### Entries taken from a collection
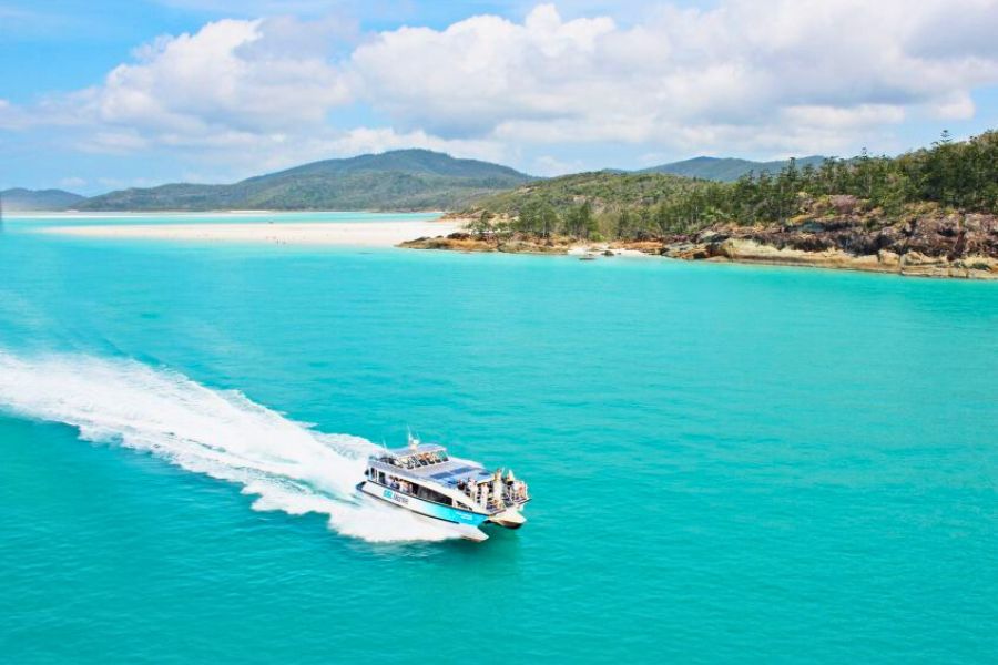 After enjoying time at Whitehaven Beach, return by boat to Airlie Beach and transfer back to the cruise port.
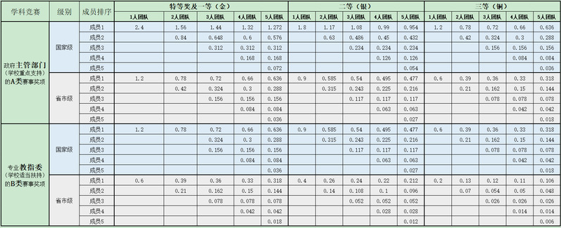 附表5:大学生创新创业活动及学科竞赛获奖团队成员加分对应表
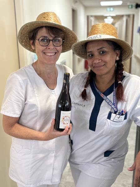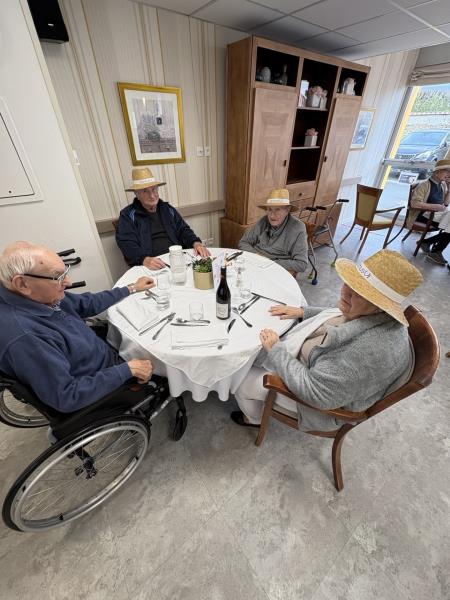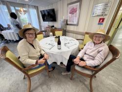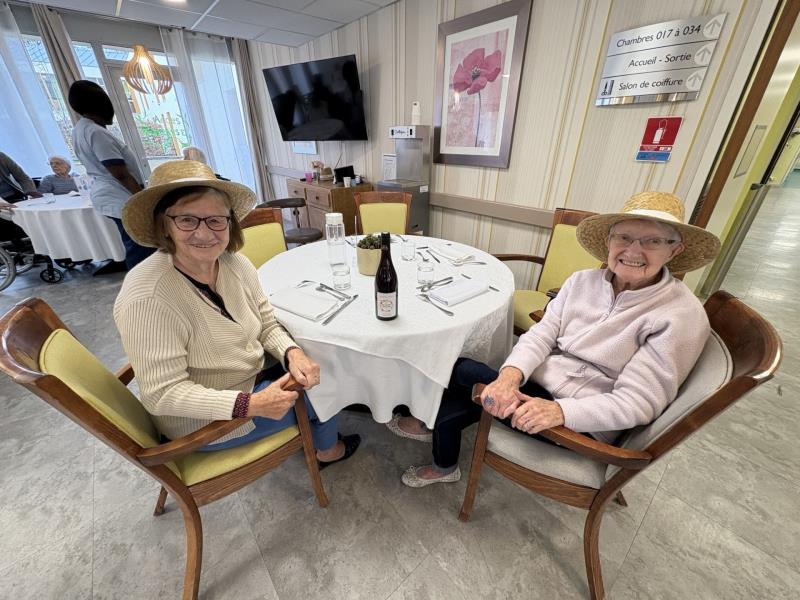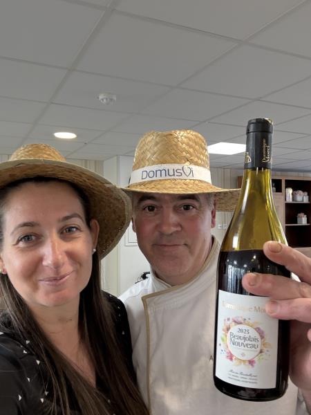 L'ambiance était tout aussi festive que le repas, car plusieurs résidents et membres de l'équipe ont joué le jeu en portant des chapeaux de paille. Cela a vraiment ajouté une touche d'authenticité et de convivialité à notre célébration. Et parlons du Beaujolais de cette année ! Il avait un goût surprenant et unique de banane selon les résidents, ce qui a certainement éveillé la curiosité de chacun.
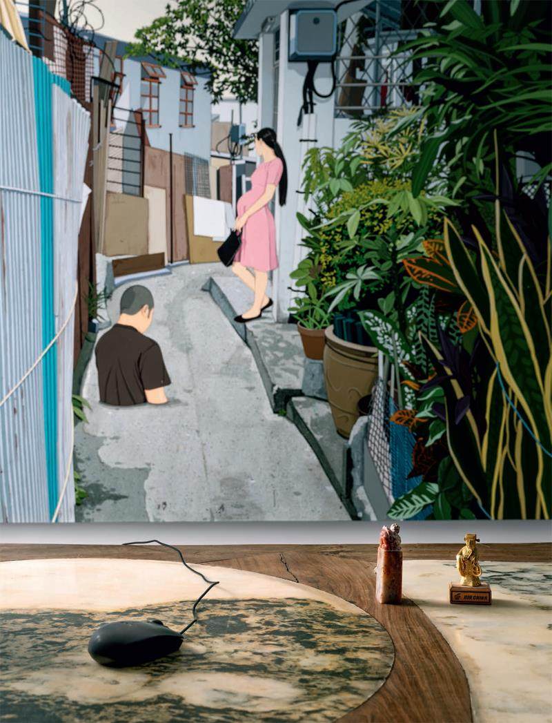 刘钢的办公室中有一件青年艺术家陈飞的大尺幅作品《破日子》,它为这里增添了都市办公室的别样气氛。情景式画面与复古鼠标、印章形成有趣的呼应。
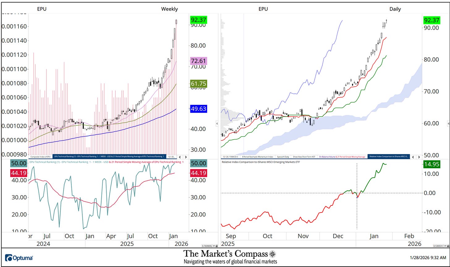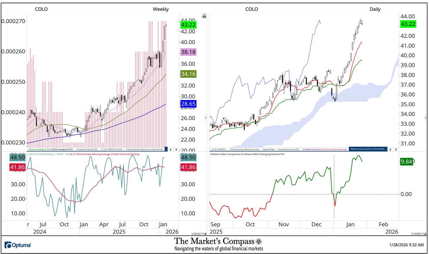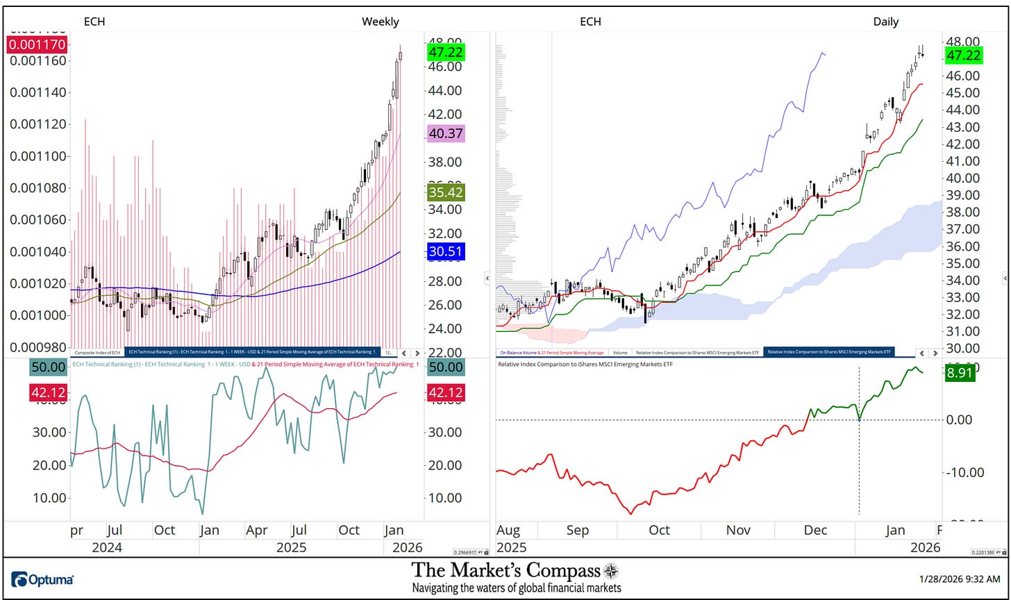 What follows are the charts of the 5 Lat/AM that I observe within the Market’s Compass Rising Markets Nation ETF Research that’s despatched to my paid subscribers. It is a “one off” that focuses on the currencies of the 5 ETFs that’s posted on the Weekly charts as a histogram (crimson horizontal strains) on the left as properly within the decrease panel of the Weekly chart is my Goal Technical Rating which is the spine of the EM Research that may vary between 0 and 50.

### Task goal
Above are records; repeat only the lines from the line with "附表5:大学生创新创业活动及学科竞赛获奖团队成员加分对应表" through the line with "刘钢的办公室中有一件青年艺术", and leave pictures out.

### Exercise answer
 附表5:大学生创新创业活动及学科竞赛获奖团队成员加分对应表
 L'ambiance était tout aussi festive que le repas, car plusieurs résidents et membres de l'équipe ont joué le jeu en portant des chapeaux de paille. Cela a vraiment ajouté une touche d'authenticité et de convivialité à notre célébration. Et parlons du Beaujolais de cette année ! Il avait un goût surprenant et unique de banane selon les résidents, ce qui a certainement éveillé la curiosité de chacun.
 刘钢的办公室中有一件青年艺术家陈飞的大尺幅作品《破日子》,它为这里增添了都市办公室的别样气氛。情景式画面与复古鼠标、印章形成有趣的呼应。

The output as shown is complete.